Count the total number of samples $N$.
For a particular pattern $x$, the probability $p(x)$ can be computed as:

\[ \hat{p}(x) = \frac{M_i}{N |R_i|} \]

for $x \in R_i$.

This means for a particular pattern $x$, find which bin $i$ it belongs to, and compute the ratio between the number of samples in that bin ($M_i$) and the total number of samples $N$ times the region size $|R|$.

Histogram Estimation: Tradeoffs¶

There is a fundamental tradeoff between resolution along $x$ and resolution along $p(x)$:

For good resolution along $x$, we want to have small-sized regions, leading to small $M_i$, resulting in poor PDF resolution.
For good resolution along $p(x)$, we want large $M_i$ and large-sized regions, which leads to poor $x$ resolution.

Other Disadvantages:

Estimated PDF is always discontinuous.
Shifting the origin changes the shape of the estimated PDF.

Parzen Window Estimation¶

Histogram estimation assumes that the PDF $p(x)$ is constant over each region, which may not be realistic.

Solution: Parzen Window Estimation avoids predefined regions and bin counting.

Advantages:

No need to predefine region sizes.
Estimated PDF is always continuous.
Method is origin-independent.

Fundamental Idea:

Each sample $x_i$ locally influences the estimated PDF in the vicinity of $x_i$.
Thus, since we observed $x_i$, the PDF near $x_i$ should be higher; areas with more samples should show a larger PDF.
The estimated PDF is the sum of contributions from each sample:

\[ \hat{p}(x) \propto \sum_i \phi(x - x_i) \]

where $\phi$ is a window function that controls each sample's influence on the PDF.

The window function $\phi$ must be normalized:

\[ \int_{-\infty}^{\infty} \phi(x) \, dx = 1 \]

To adjust the locality of a sample’s influence, we stretch or compress $\phi$:

\[ \phi\left(\frac{x - x_i}{h}\right) \]

where $h$ is a scaling factor.

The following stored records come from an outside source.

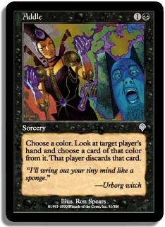 Choose a color. Target player reveals his or her hand then you choose a card of that color from it. That player discards that card.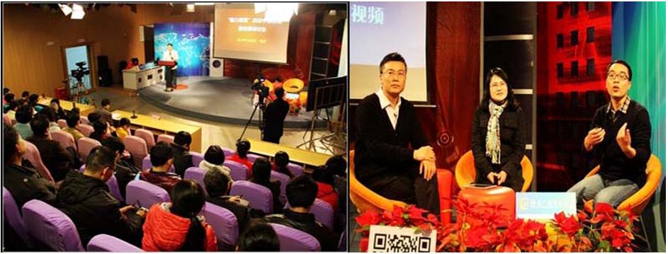 此次研讨会设置了“微课三人谈”的重要环节,为满足3人交谈的拍摄要求和IPAD无线传输的要求,技术人员积极做好技术支持服务工作,一方面,对场景精心布置,严格控制灯光布置,避免对屏幕效果造成干扰;另一方面,布置无线WIFI,通过苹果盒子、音频光纤数模转换等,测试无线传输效果,满足多系统信号的转换要求,同时对照会议流程,提前彩排,避免各种衔接漏洞,保证会议正常进行。会后技术人员还将对所拍摄的节目进行后期编辑处理,并将编辑好的视频传到网上方便大家观看。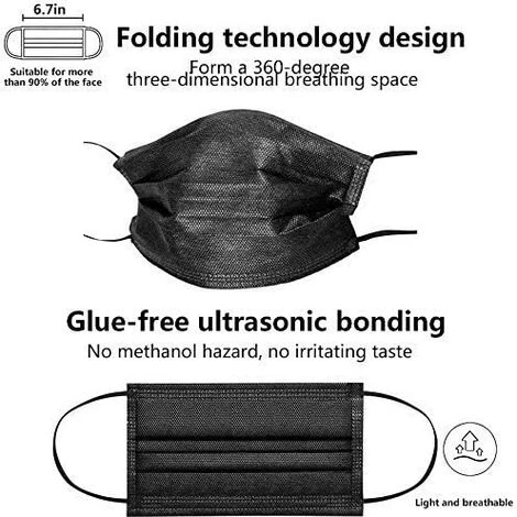 3 couches de protection : nos masques filtrants de haute qualité garantissent une barrière physique contre la fumée, les gouttes, la saleté, la poussière et la poudre. Avec le nouveau design à 3 couches, il peut aider à bloquer la pollution afin que vous puissiez respirer facilement et en toute sécurité dans n’importe quel environnement.

To keep the function normalized:

\[ \int_{-\infty}^{\infty} \frac{1}{h} \phi\left(\frac{x - x_i}{h}\right) dx = 1 \]

Given $N$ samples $\{x_i, \ldots, x_N\}$, the Parzen Window estimate of $p(x)$ is:

\[ \hat{p}(x) = \frac{1}{N} \sum_i \frac{1}{h} \phi\left(\frac{x - x_i}{h}\right) \]

Common Window Functions:

Rectangular
Triangular
Gaussian
Exponential

Parzen Window Estimation: Scaling Factor¶

One drawback of Parzen Window estimation is that we still need to choose a window function and scale factor $h$.

General rule: try $h = \frac{K}{\sqrt{N}}$ for some constant $K$.

For small $N$, the constant $K$ is important:

If $K$ is too small, the estimate is noisy with sharp peaks at the samples.
If $K$ is too large, the estimate is smeared with low resolution.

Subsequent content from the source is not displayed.